The paper on the whole reads well, which is good. It is, however, a bit superficial compared to professional papers, but that is common for undergraduates; it would not be right to expect more.

Basing a paper on a comparison between two philosophies is common and can provide interesting results. However, your choice makes it difficult since you treat two philosophies comprised of various philosophers with divergent ideas. I don’t know much of taoism, but existentialism is hard to properly characterize. By taking snippets of Sartre, Camus, Kierkegaard it doesn’t become clear whether any of those would accept all standpoints you ascribe to existentialism. You might want ot read David E. Cooper, Existentialism, who struggles with the same problem and solves it by creating his own amalgam, ‘The Existentialist’. A different approach would be to take only one existentialist philosopher (such as Sartre).

Furthermore the paper is a bit flat, because you do not do much more than point out similarities. That is good, but it becomes more interesting if you can provide some sort of conclusion. Do the similarities point to a mystic undercurrent? Are they accidental? Has Taoism provided a solution for a problem that exists in existentialism?

Or maybe you could point out that the different basis of these philosophies apparently still allows for similar ‘practical’ conclusions. The most interesting papers make something ‘happen’, a new insight or so, which often can come across by concentrating on a single example. That reminds me, the paper, which is somewhat abstract, might profit from providing an actual example to demonstrate things with.

The paper might benefit from concentrating more on a smaller part, such as the concept of authenticity, to which it is mostly dedicated anyway. If you could contrast only Sartrean authenticity to a taoist concept, it would be more manageable, and maybe provide a smaller but stronger point. This would still be quite a bit of work, though.

The literature you have used makes a dated impression. There is no need for an exhaustive search through the literature, but I would suggest books like T.C. Anderson, Sartre’s Two Ethics, and Peter Caws, Sartre, and Arthur C. Danto, Sartre. Anderson is clear and to the point, Caws and Danto are general introductions. You should also check the Cambridge Companion to Sartre, which has a more up to date bibliography.

  1. A few further comments that I thought of while reading.
  • the introduction is somewhat unassuming. That may be because you have not provided a title, which would make clear why in your first sentence you are speaking about taoism and existentialism.

  • “In hopes of…” sounds contrived.

  • your second paragraph starts off repeating what you just said.

The anecdote/quote is fun but doesn’t seem to do much work for the ‘theme’.

“low character of existentialist thinkers”: what do you mean? Do you mean that they were bad people or that they are not considered to be top-notch thinkers?

Your next paragraph again repeats the point of the first paragraph. That is clumsy.
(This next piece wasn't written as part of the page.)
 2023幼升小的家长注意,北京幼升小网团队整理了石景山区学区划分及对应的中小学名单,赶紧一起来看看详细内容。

A better way of writing would be not to mention the contrast in the beginning, but show it: first describe taoism by superficial characteristics as you do in par. 2, then list the main existentialists in par. 3, then say that it looks as if there is no common ground, and that you will show there is.
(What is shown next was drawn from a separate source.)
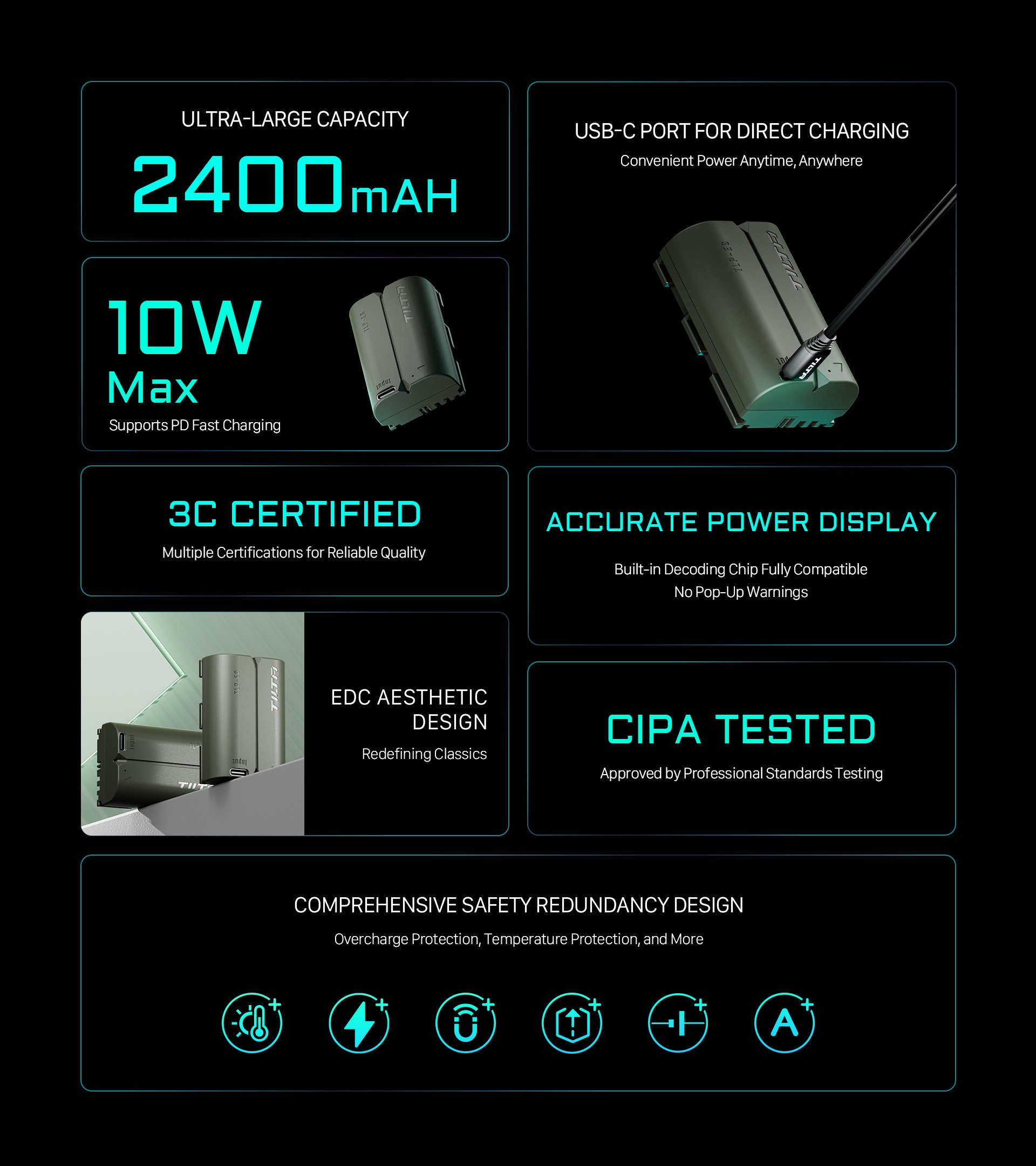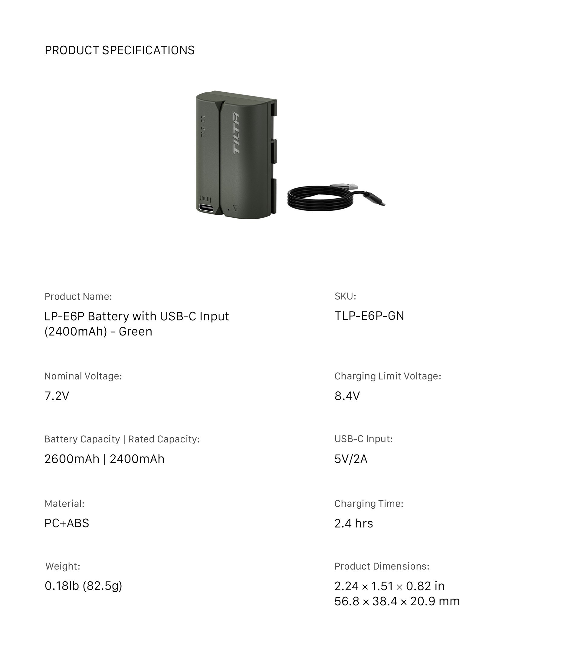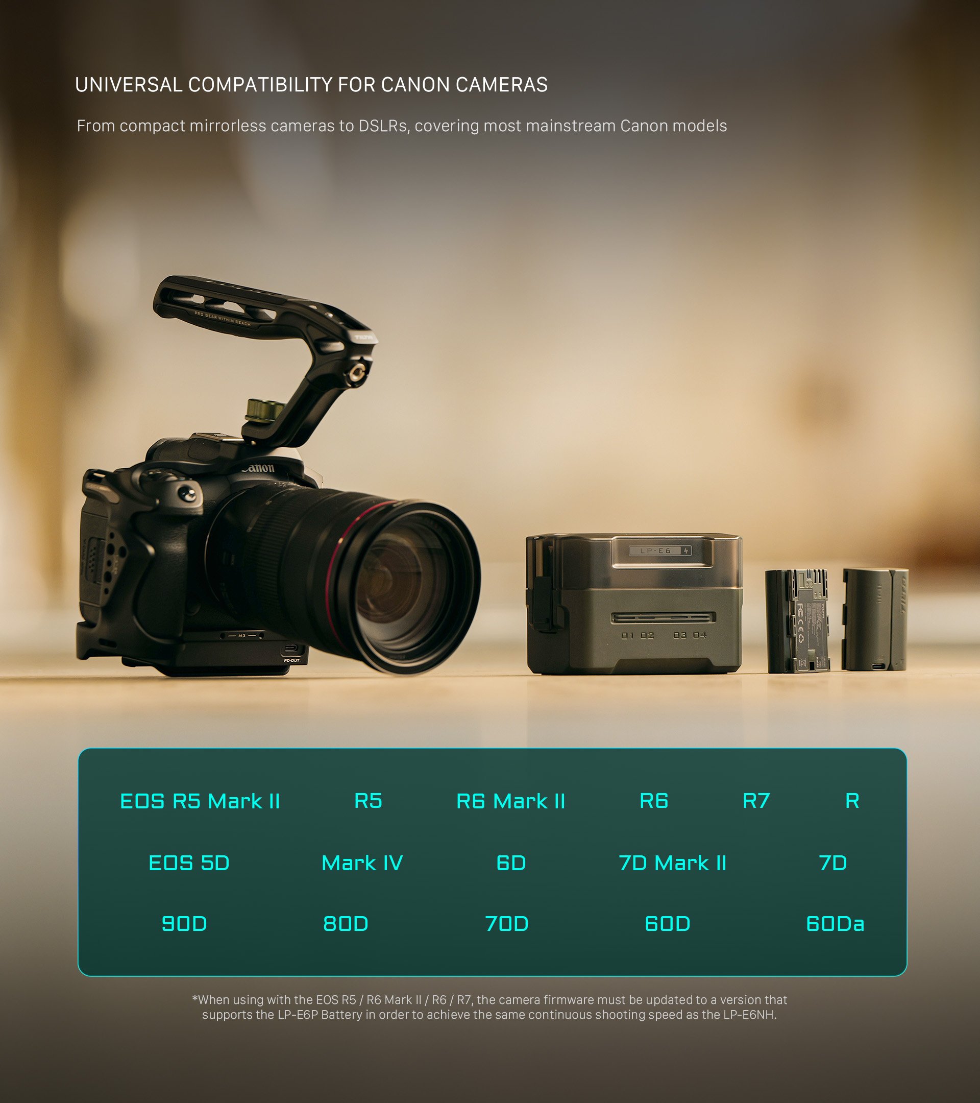 La batería de alta capacidad LP-E6P está diseñada para proporcionar energía fiable y duradera a tu cámara y garantizarte sesiones fotográficas más largas sin interrupciones. Esta batería cuenta con una innovadora célula de alta densidad energética y ofrece una mayor autonomía, por lo que es ideal tanto para la fotografía como para la grabación de vídeo.
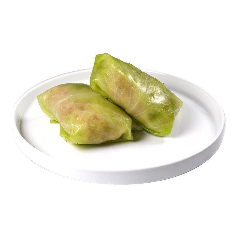 Состав продукта: капуста белокочанная, говядина охлажденная бескостная, свинина охлажденная бескостная, рис отварной, лук репчатый, масло подсолнечное рафинированное дезодорированное, соль поваренная пищевая, перец серный молотый.

p. 5: “constant action endorsed by existentialists”. I would take issue with this statement. I do not interpret existentialists as doing this. They only emphasize that you cannot avoid responsibility; they recognize that men are generally and unavoidably not really aware, thinking, they live in the state of the ?one?. But that in itself is not bad.

p. 6: you mention authenticity as a force of the universe. That is not a correct representation. authenticity is a state of being, and what it involves is quite difficult to retrieve from the varied writings of various philosophers. While there may be an analogy, it looks as if taoism is based on an entirely different metaphysics/ontology (roughly speaking, theory of what the universe is).

p. 6: “Here, however, we see a contradiction”. It is not a proper contradiciton, as it is usually meant. It is only a contrast between two theories, not a contradiction within one theory.

Thanks for the input. Definitely stuff I’ll have to take into consideration.